Merril har sammenlignet industriselskaberne i forhold virksomheder generelt, fordi industriselskaberne har underperformed de seneste tre år. Men den situation er ved at slutte. Merrill anbefaler investorer et fokusere mere på industriselskaberne og især de højkvalitetets-selskaber, som Merrill definerer som selskaber med stærke regnskaber, robust cash flow, kompetent ledelse og en attraktiv forretningsmodel.
Industrials: Flash in the Pan or the Next Superstar?
As we consider the prospects for a continuation in industrial outperformance, we have to
pay attention to the macro backdrop that is typically present during periods of broad and
strong industrial sector outperformance. Industrial stocks typically outperform when the dollar is weakening, commodity prices are rising, the yield curve is steepening, and inflation expectations are rising.

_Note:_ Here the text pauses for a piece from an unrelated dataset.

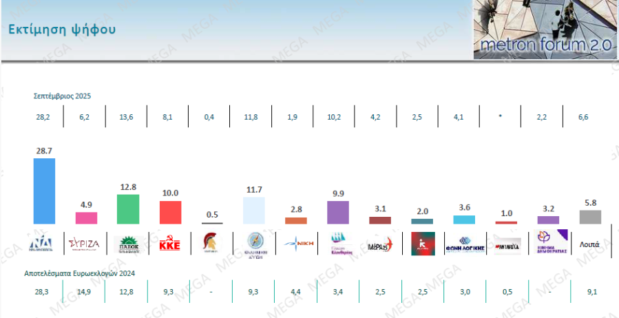 Στην εκτίμηση ψήφου προκύπτει Βουλή με εννιά κόμματα, ενώ το προβάδισμα της ΝΔ διαμορφώνεται στις 15,9 ποσοστιαίες μονάδες, καθώς συγκεντρώνει το 28,7% έναντι 12,8% του ΠΑΣΟΚ. Η Ελληνική Λύση με 11,7% είναι τρίτο κόμμα, μπροστά από το ΚΚΕ (10%), την Πλεύση Ελευθερίας (9,9%), τον ΣΥΡΙΖΑ (4,9%), τη Φωνή Λογικής (3,6%), το ΜέΡΑ25 (3,1%) και το Κίνημα Δημοκρατίας (3,2%).

These conditions are the greatest tailwind to the more cyclical portions of the sector, such as machinery and industrial equipment stocks. The last time we saw these macro conditions was 2016-2017, and that was the last time the industrial sector outperformed the market for an extended period of time.
To illustrate this relationship, consider the relative performance of machinery stocks compared to the Base Metals Index in Exhibit 4 and note the improvement in stock performance as we have seen commodity prices recover in recent weeks. Early signs of improvement in the other macro conditions have emerged since the mid-May relative low for industrials, supporting the outperformance experienced since that time.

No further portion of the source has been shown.